Tuesday, November 27, 2007

Writers of the World, Unite!

Here's a nifty little video explaining the Writers' Guild strike. For more information , visit United Hollywood. And for some interesting videos in support of the strike, visit Speechless. I've never wanted to read lips so badly as when I viewed the Sean Penn video.

Monday, November 12, 2007

Diversion

Here's a diversion to eat up 10 - 15 minutes of your day.

FYI: The comments posted to the page in linked above includes a link to the following web site, which includes an article written about this spinning silhouette: http://www.michaelbach.de/ot/sze_silhouette/index.html

Sunday, November 11, 2007

Teaching with Exigence

NPR recently broadcasted a story (available via podcast) about Soldier's Heart: Teaching Literature Through Peace and War at West Point, a new book by Elizabeth Samet. I haven't read the book, but listening to the podcast and Samet's comments about teaching young officers-to-be, many of whom will likely be going to war, I couldn't help wondering how the exigence supplied by an active war might shape the transaction of reading, the exchange that takes place in the classroom, the instructor's choices about texts, topics of discussion, etc.

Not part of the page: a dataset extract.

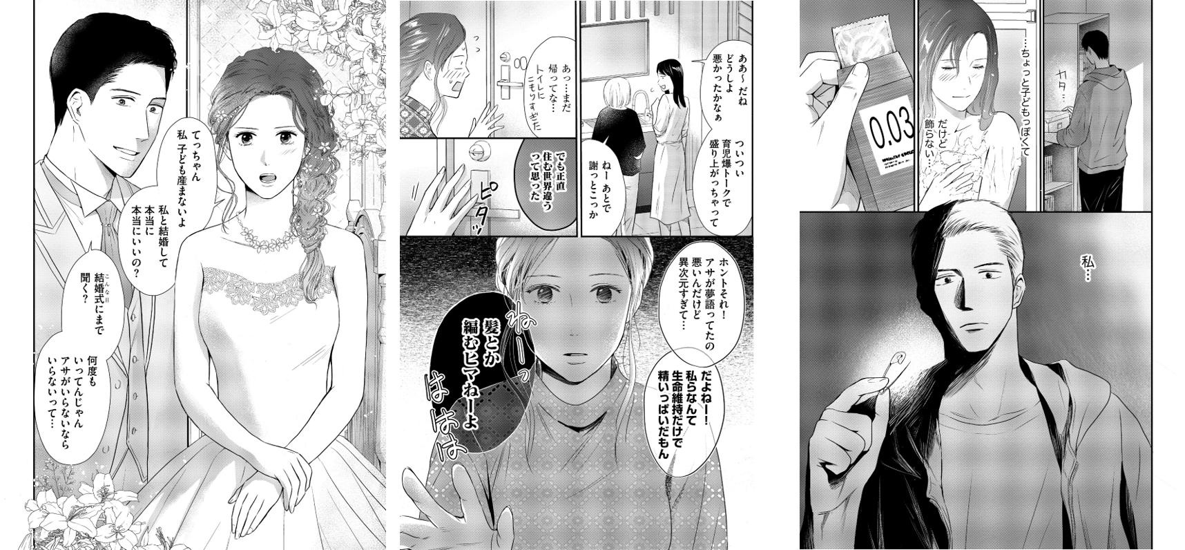 金沢アサと哲也の夫婦は意識的に子どもを持たない、共働きの夫婦だった。結婚して3年たっても、アサの考えは変わっておらず、哲也も同じ考えだと思っていた。ある日、高校の同窓会に参加したアサは、子育て中の友人たちが、子なしは気楽でいいと陰口を言っているのを聞いてしまう。帰宅後、「子どもはいなくていい」と哲也がなぐさめてくれるが、その言葉と裏腹に、恐ろしい行動を起こし…!?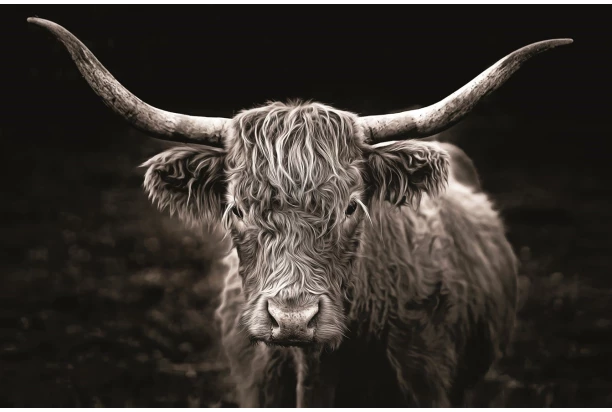 Obraz tlačený na plátne o rozmere 118×78 cm sa stane dominantným prvkom akéhokoľvek interiéru. Motív škótskej horskej kravy s dlhou, huňatou srsťou a silnými rohmi v monochromatických farbách vnesie do vášho domova pokoj a majestátnu silu prírody.

For most of us teaching in higher education, there is simply little sense of exigence. This is true of both teachers and students, both of whom are too easily isolated--temporally and spatially--from the contexts and challenges our students will experience once their schooling is finished. This isolation is generated by all sorts of factors: the abundance that surrounds us, our priviledged place within that abundance, the variety of contexts our students will encounter upon graduation.

How would our teaching change if we had a more immediate and concrete sense of the challenges our students would confront? How would levels of student engagement change with a greater sense of exigence? Can such exigence be framed or generated with authenticity?

Thursday, November 08, 2007

I'm A Loaner

In the last year, I've become a podcast junkie. Well, not a junkie, but I do have a handful of podcasts that I listen to regularly: the New York Times Book Review, NPR Books, Slate.com, Dave Ramsey, the Academy of American Poets poetcast, and sermons by friends and former pastors.

The Slate.com Daily Podcast recently included Bill Clinton's address to the Slate 60--a collection of the 60 most giving philanthropists over the last year. In his remarks, Clinton referred to an organization called Kiva, which provides individuals the opportunity to participate in loaning money to small businesses in developing countries (a.k.a. microfinancing). The idea intrigued me, so I visited the site. Loaners get to select the borrower they want to support, so I'm now contributing $25 toward a loan for a barber in Lebanon. Why did I select a barber, of all things? I suppose it's another Wendell Berry thing. Looking at the profiles of all these folks seeking a loan, I saw "barber" and thought of Jayber Crow. Who wouldn't want to support Jayber Crow?

I'm still trying to decide whether I'm comfortable with being a loaner rather than a giver. If anyone knows of a Kiva-like means of giving, let me know. Perhaps I'll revisit this issue when I've taken more time to think it through.